Created By: Explore Oak Ridge
With the hope of developing technology that would end World War II, the U.S. government built Oak Ridge under a cloak of great secrecy. When the Japanese attacked Pearl Harbor on Dec. 7, 1941, the city of Oak Ridge didn’t even exist. But in 1942, the U.S. Army Corps of Engineers purchased 59,000 acres of century-old family farms and small rural communities for a top-secret mission to produce the world’s first atomic weapons, known as the Manhattan Project.
Established amid concerns that Nazi scientists would create a bomb capable of horrific destruction, the Manhattan Project sought to develop an atomic bomb before the Germans could.

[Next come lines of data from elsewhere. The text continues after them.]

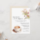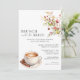 Invitaciones para el brunch de la ducha con temática de café con flores rojas y amarillas. El reverso es de un color blanco cálido.
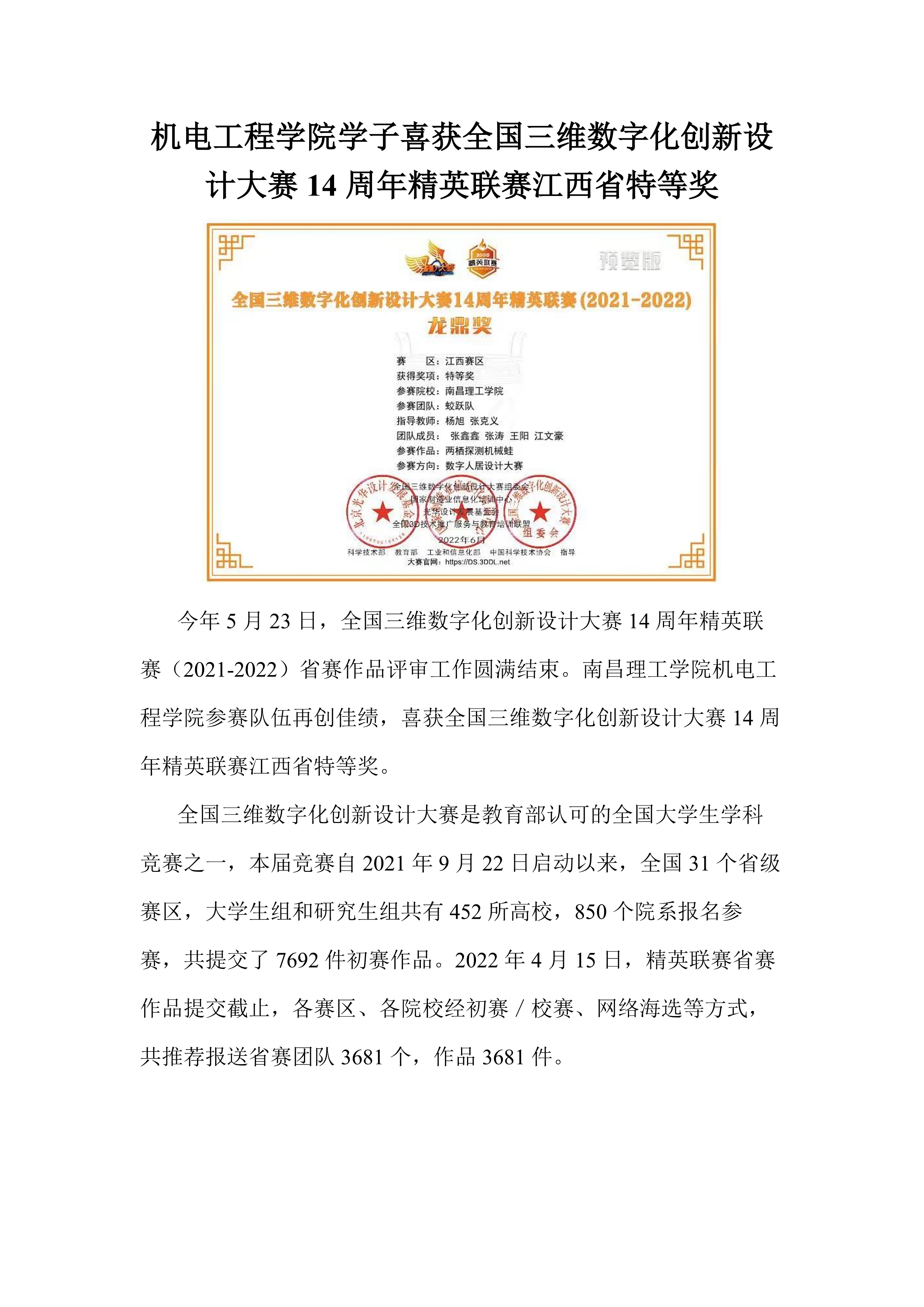 机电工程学院学子荣获全国三维数字化创新设计大赛14周年精英联赛江西省特等奖
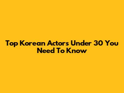 Top Korean Actors Under 30 You Need To Know
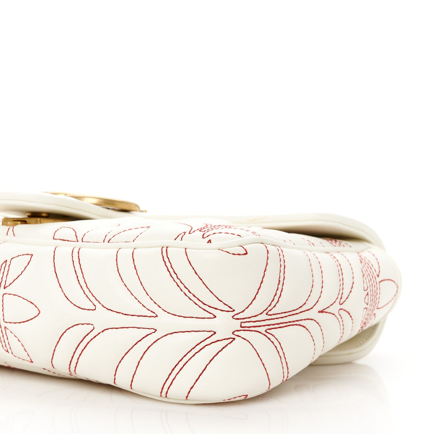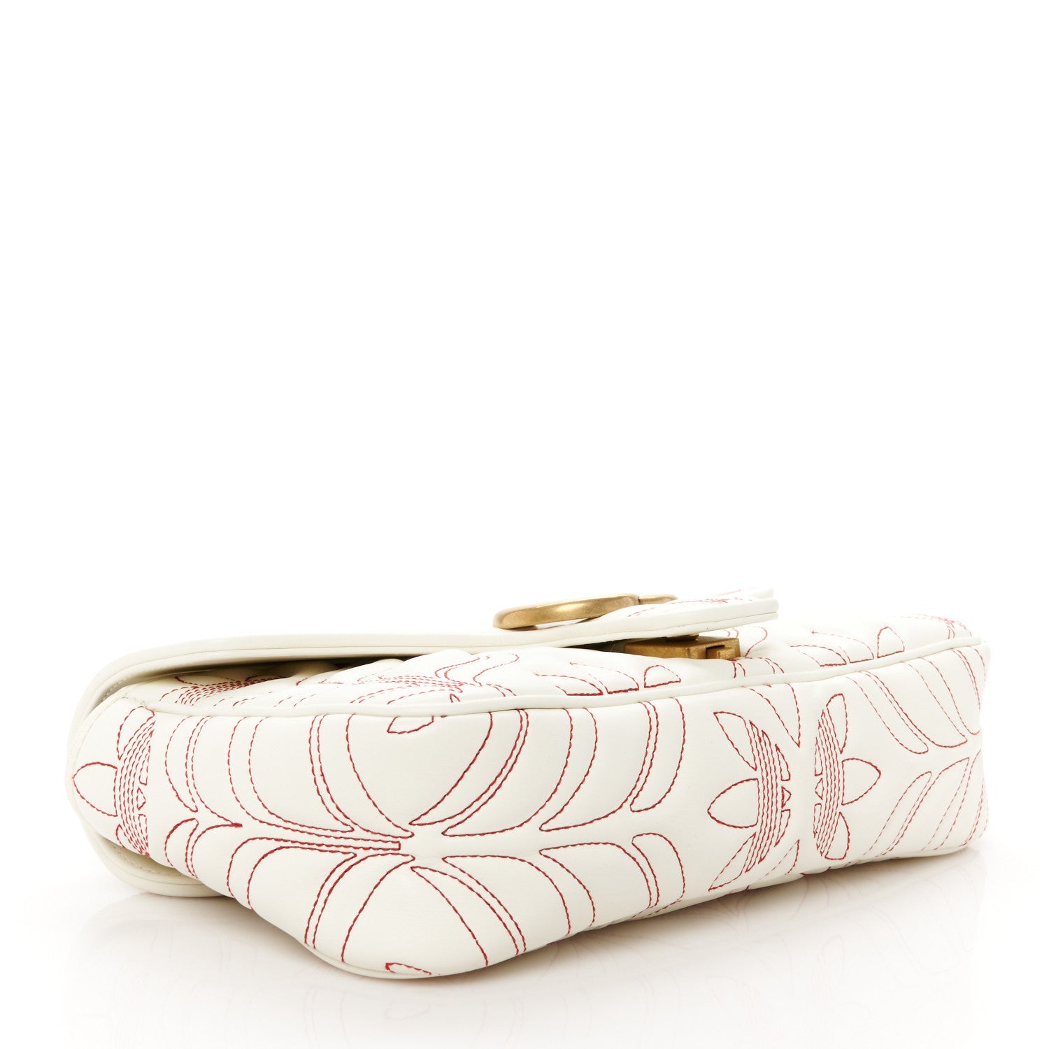 This is an authentic GUCCI X ADIDAS Calfskin Matelasse Small GG Marmont Shoulder Bag in Off White. This shoulder bag is crafted of calfskin leather in white with red embroidered Adidas Trefoils. The bag features an aged gold chain link shoulder strap with a white leather shoulder pad, and a matching gold Gucci GG logo on the crossover flap. The bag opens with a press lock to a beige fabric interior with a zipper pocket.Follow this item for alerts. Gucci is a registered trademark of Gucci. FASHIONPHILE is not affiliated with Gucci.
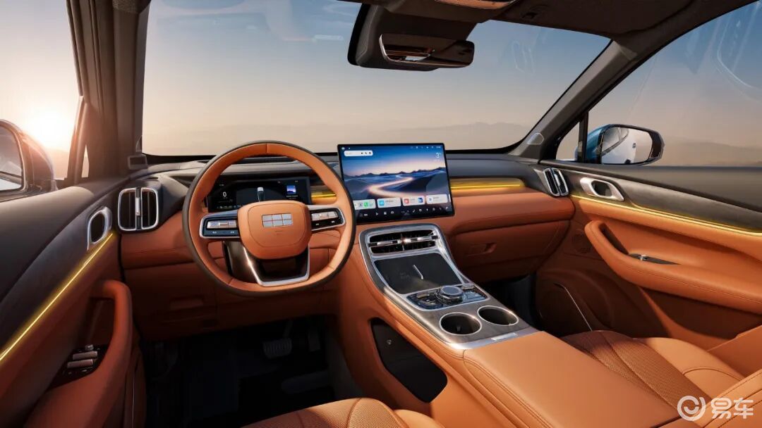 从目前曝光的官图来看,银河M7的内饰设计除了彩电、大沙发之外,在细节方面也非常注重。目测中高配车型会搭载15.6英寸高清中控大屏,且车机系统预计肯定会采用Flyme Auto系统,支持车手互联等,双拼色内饰的视觉效果相当不错。
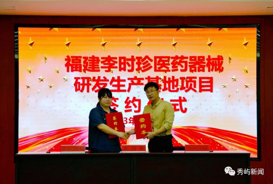 5月19日上午,秀屿区举行项目签约仪式,秀屿鲍鱼科技产业园、福建李时珍医药器械研发生产基地(二期)2个项目正式签约,规划总投资约15亿元。副区长顾斌出席签约仪式。
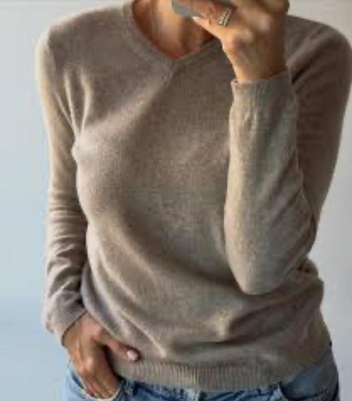 Бежевий кашеміровий светр з V-подібним вирізом — класична модель із м’якого натурального кашеміру. Виміри: ПП 35 ПГ 48 ПТ 46 Низ 43 Довжина 68 Рукав 67

In valleys located away from Oak Ridge, the government built three production facilities for the Manhattan Project: Y-12, X-10, and K-25. At the time, the K-25 uranium-separating facility was the largest building in the world, covering about 44 acres. Inside these top-secret plants, scientists and workers used two methods, and then eventually three, to produce fissionable material needed to develop atomic weapons.
To accommodate the massive influx of workers for the Manhattan Project, the government had to build a Secret City from scratch. U.S. engineers designed 3,000 prefabricated homes that were shipped from an Indiana factory complete with walls, floors, room partitions, interior wiring, plumbing, and furniture. Just two and a half years after Oak Ridge was founded, the city skyrocketed to a population of 75,000, making it the fifth-largest city in Tennessee.